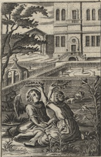
Dilectus meus mihi & ego illi qui pascitur inter lilia; donec aspiret di- es & inclinentur umbra, Cant. 2.
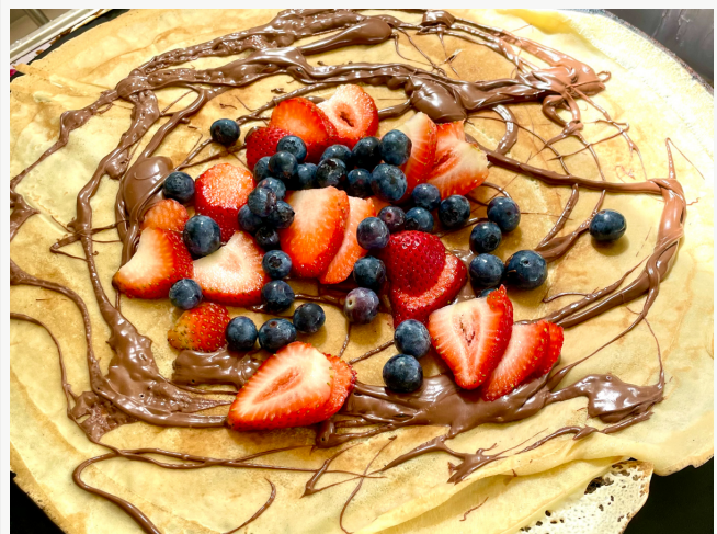
Frische Beeren oder Früchte der Saison auf Nutella
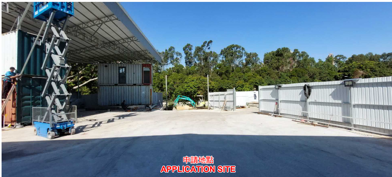
申請地點 APPLICATION SITE
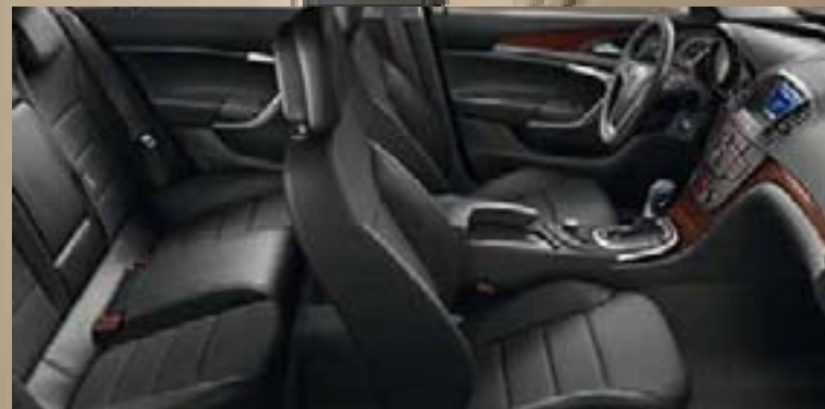
Avenue/Morrocana, czarny Listwy ozdobne: Piano Black, Kibo Wood

1 Skóra naturalna łączona ze skórą sztuczną.
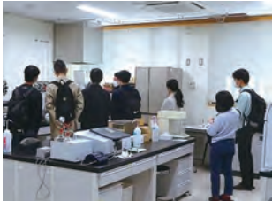
図3 研究員の説明を聞く参加者

大学生や高校生等の若い世代を対象に、研究体験を通じて、当センターの研究業務を紹介するとともに、本県の食と農への関心を高めていただく機会となりました（図3）。
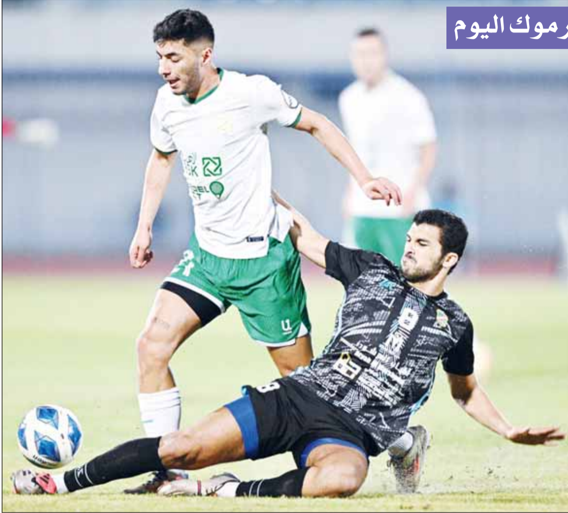
العربي يسعده لتجاوز السالمة غداً
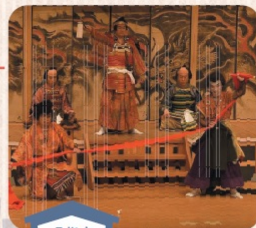
県指定 無形民俗 文化財

江戸時代後期に歌舞伎役者関三郎により伝えられ、葛生北部の牧地区で傳承されている地芝居です。
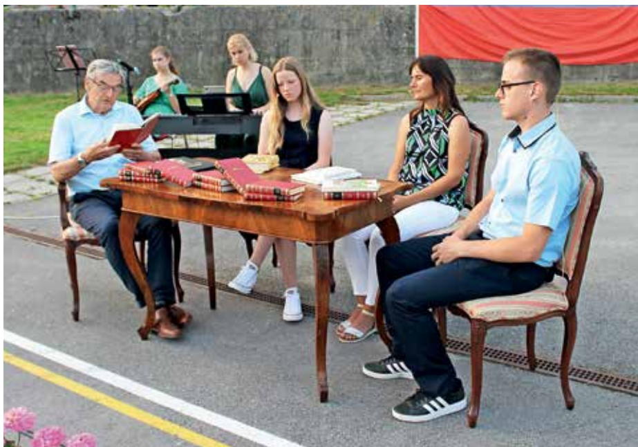
Dan državnosti na Trebiji
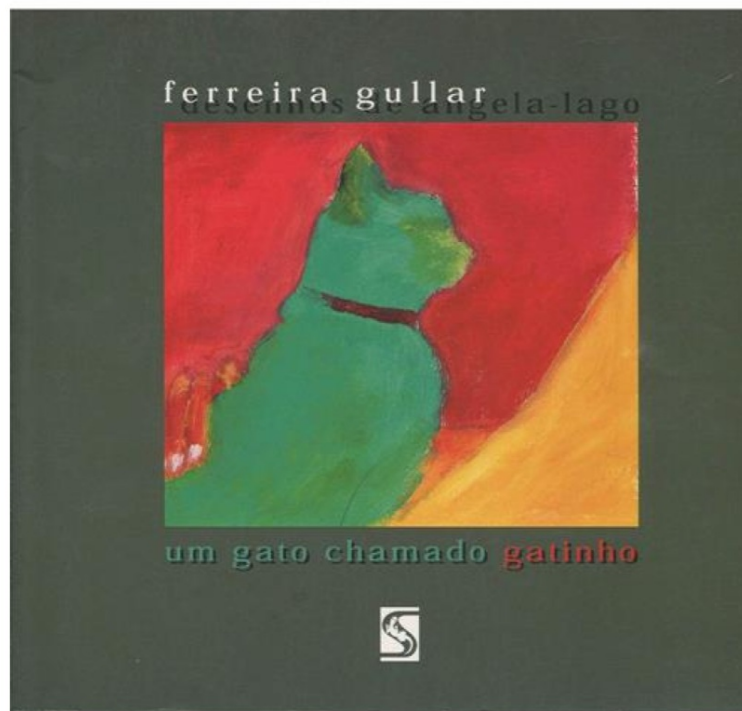
Capa do livro "um gato chamado gatinho", de Ferreira Gullar. Editora Salamandra
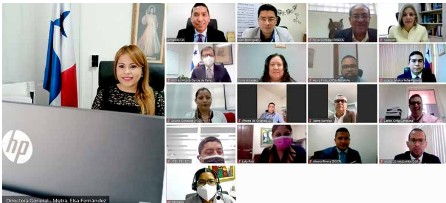
La mesa de trabajo está conformada por representantes de once instituciones del Estado.
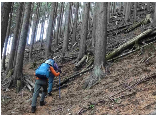
230mの急登をこなして
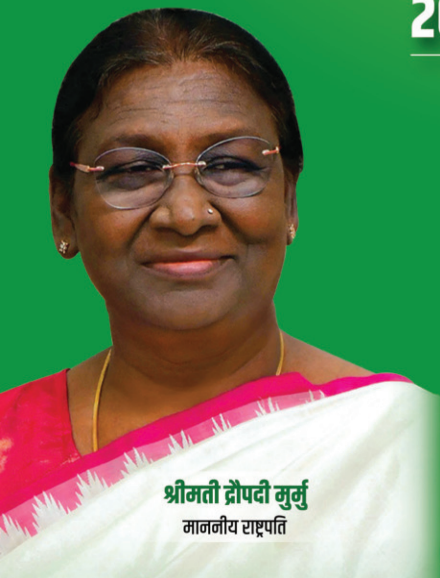
श्रीमती द्रौपदी मुर्मु माननीय राष्ट्रपति
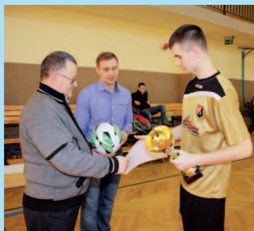
Kapitan drużyny Guzikówka - zwycięzca memoriału odbiera dyplom i nagrody
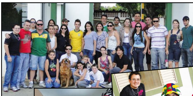
Os alunos de Processos Gerenciais na instituição: lições de solidariedade
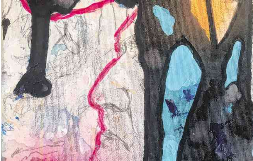
Silvia Sun: „Brahms' secret tears“ 2023
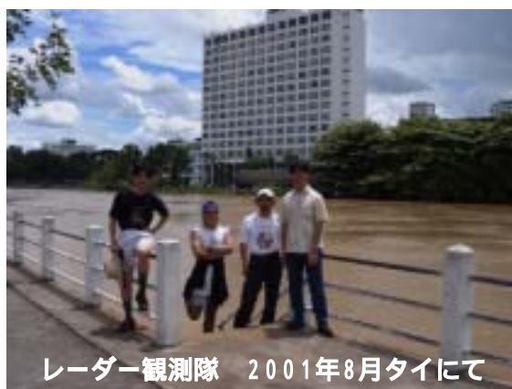
レーダー観測隊 2001年8月タイにて
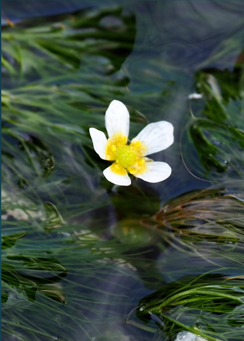
ヒメバイカモ(姫梅花藻) キンポウゲ科 沈水植物 常緑多年草
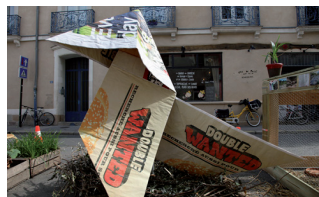
À Nantes : la cocotte de Scopic
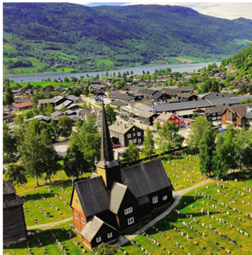
Figur 3- Kyrkja i Vågå

Den som vel å flytte til Vågå, og bu i Vågå, skal kjenne seg trygg på at det er ein god stad å bu gjennom alle fasar i livet. Å bu i Vågå, og å flytte til Vågå, handlar om eit livsstilsval. Vågå ønskjer å vere synleg i ulike samanhengar og kanskje på litt utradisjonelle arenaer. Den kommunale tilflyttartenesta er viktig for å hjelpe nye innbyggjarar til rette i bygda.
------------------------------------
** What is required **
For the string "Vågå", find every line of the material that contains it, and copy each one.

** Answer to this problem **
Figur 3- Kyrkja i Vågå
Den som vel å flytte til Vågå, og bu i Vågå, skal kjenne seg trygg på at det er ein god stad å bu gjennom alle fasar i livet. Å bu i Vågå, og å flytte til Vågå, handlar om eit livsstilsval. Vågå ønskjer å vere synleg i ulike samanhengar og kanskje på litt utradisjonelle arenaer. Den kommunale tilflyttartenesta er viktig for å hjelpe nye innbyggjarar til rette i bygda.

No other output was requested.